Литмир - Электронная Библиотека
A
A

Ион на эти шутливые обращения не откликался. Молча, мало что значаще кивал головой и думал о своём.

Служил у нас солдат по фамилии Заварухо. Парень был молодой, бойкий и языкастый. Умел насмешить народ, а под шуточку и урвать невредное для себя. Прозван он был за то солдатами Швейкой. Да так прочно за ним это имя закрепилось, что, кажется, настоящую его фамилию и вовсе позабыли. Швейка да Швейка... Случалось, что болтливый Швейка и страдал от своего языка.

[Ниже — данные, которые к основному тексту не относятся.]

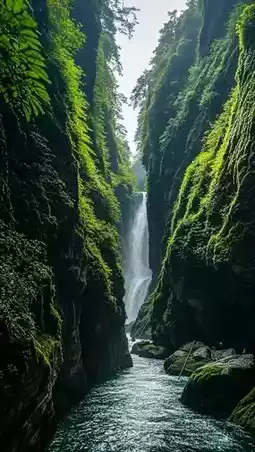 Longshui Gorge Fissure: A deep canyon fissure with cascading waterfalls, cool and refreshing.
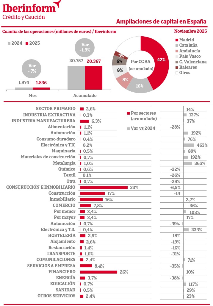 Respecto a las ampliaciones de capital, de acuerdo con el seguimiento que realiza Iberinform de los datos publicados en el Registro Mercantil, el número de operaciones ha registrado en noviembre un crecimiento interanual del 1%, mientras en el conjunto del año el incremento es de apenas el 1,3%. En cuanto al importe de las ampliaciones, el saldo agregado de estas operaciones que refuerzan la solvencia empresarial acumula una bajada del -1,9% en 2025 y un decrecimiento interanual del -7% en noviembre.
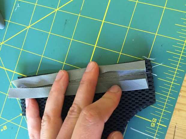 A menos que usted es una costurera maravillosa, o tienes acceso a una máquina de encuadernación de calidad de producción, su enlace es probable que no se verá perfecto. Como se puede ver en mi producto final, hay muchos baches en mi prototipo. Ideal puede utilizar enlace de estiramiento, pero no he podido encontrar alguno para este proyecto.
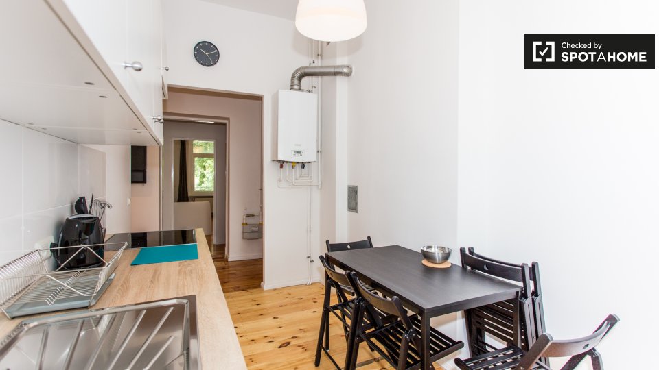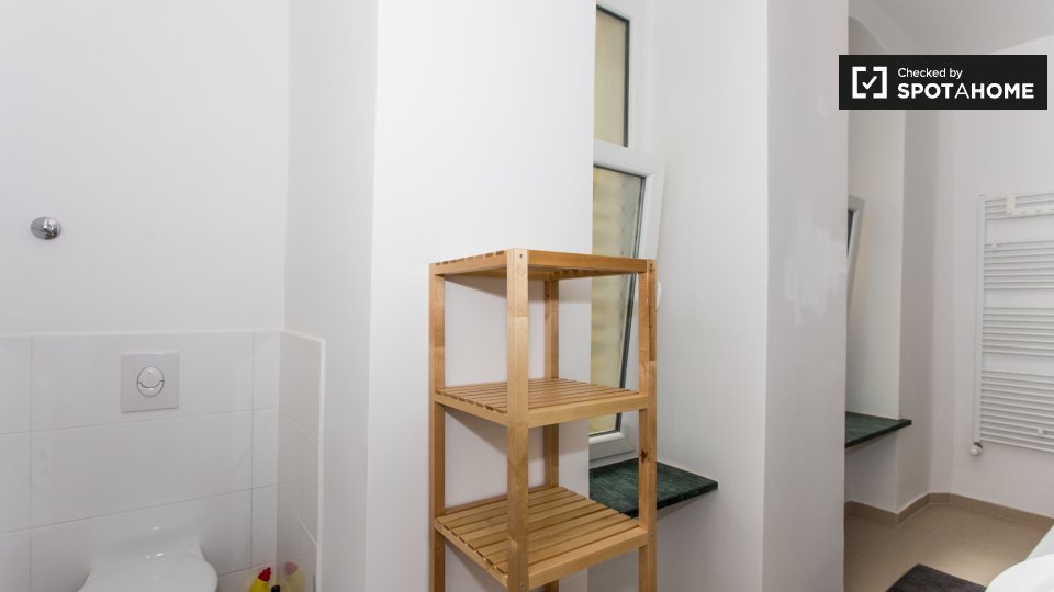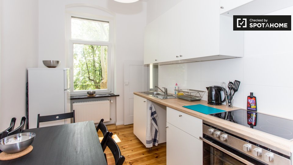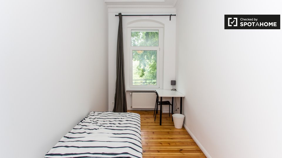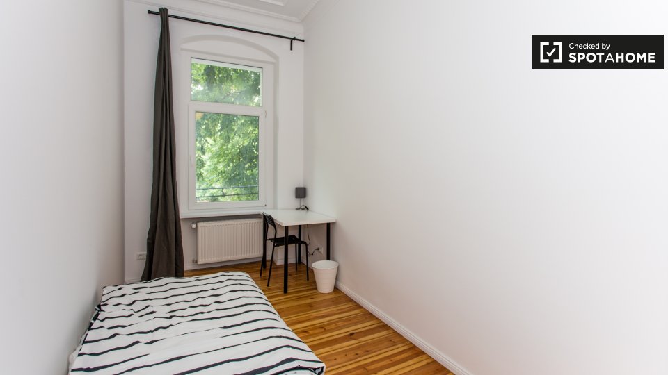 Pets not allowedNot allowedLocated in Berlin, this room in a shared 6-bedroom apartment makes an excellent choice for students. The apartment is fully furnished and equipped, ensuring a comfortable living experience. It includes a central heating system and has a private washing machine, offering convenience and practicality. With an exterior room layout, ample natural light can be enjoyed. All essential bills such as electricity, water, gas, and Wi-Fi are included in the rental price, providing stress-free living.
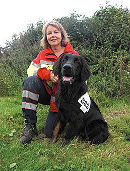 Dann gabs von Frauchen das erste Mal das Kommando "Such und Hilf". Da ist es ihr schon einwenig kalt über den Rücken gelaufen, da sie dieses Kommando einfach nur grandios findet. Es gab natürlich noch ein Handzeichen in die Richtung des Opfers. Henry machte sich dann flott auf den Weg über Stock und Stein, stolperte auch schon mal über störrisches Gestrüpp, ohne sich von seinem Ziel (Fleischwurst) abbringen zu lassen.
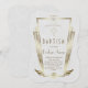 Invitación de Bautizo con Monograma Art Déco Blanco Dorado Real.

Потому что часто сперва что-нибудь скажет, а потом уж думает, надо ли было это говорить. Бывало, что не по злобе, а так, по недомыслию, кого-нибудь и обижал. Впрочем, Швейке прощали. Знали: всерьёз обижаться на него — пустое.

Эшелон уже миновал венгерско-румынскую границу. Поезд змеёй юлил меж кудрявых холмов после станции Орадя. Стоя у доски, служившей барьером в распахнутых дверях теплушки, Ион смотрел на открывшуюся перед ним картину. При этом что-то прежде незнакомое ему шевельнулось в душе мальчика. Обведя рукой простиравшийся за железной дорогой горный ландшафт, он спросил стоявшего рядом с ним Швейку:

— Ну как, Румыния, хорошо?!

И как это часто за ним водилось, не задумывавшийся над словами Заварухо рассмеялся:

— Ну что твоя Румыния — блюдечко с каёмочкой. Вся-то с гулькин нос. Вот у нас страна — то ли! Ехать, ехать — не доехать.

Ион не ответил. Только вздохнул.

Но тут кто-то из также стоявших поблизости солдат, покачав головой, сказал:

— Дурачок ты, Заварухо. Швейка и есть. Как можешь?! Ведь это его родина!

Ион благодарно и счастливо взглянул на солдата, а Швейка, что с ним случалось редко, даже залился краской. Вероятно, понял, что сдуру ляпнул глупость. И в самом деле трудно придумать что-либо более неуместное, чем сказать такое мальчику в минуту, когда он возвращался на пусть прежде неласковую к нему, но родимую землю.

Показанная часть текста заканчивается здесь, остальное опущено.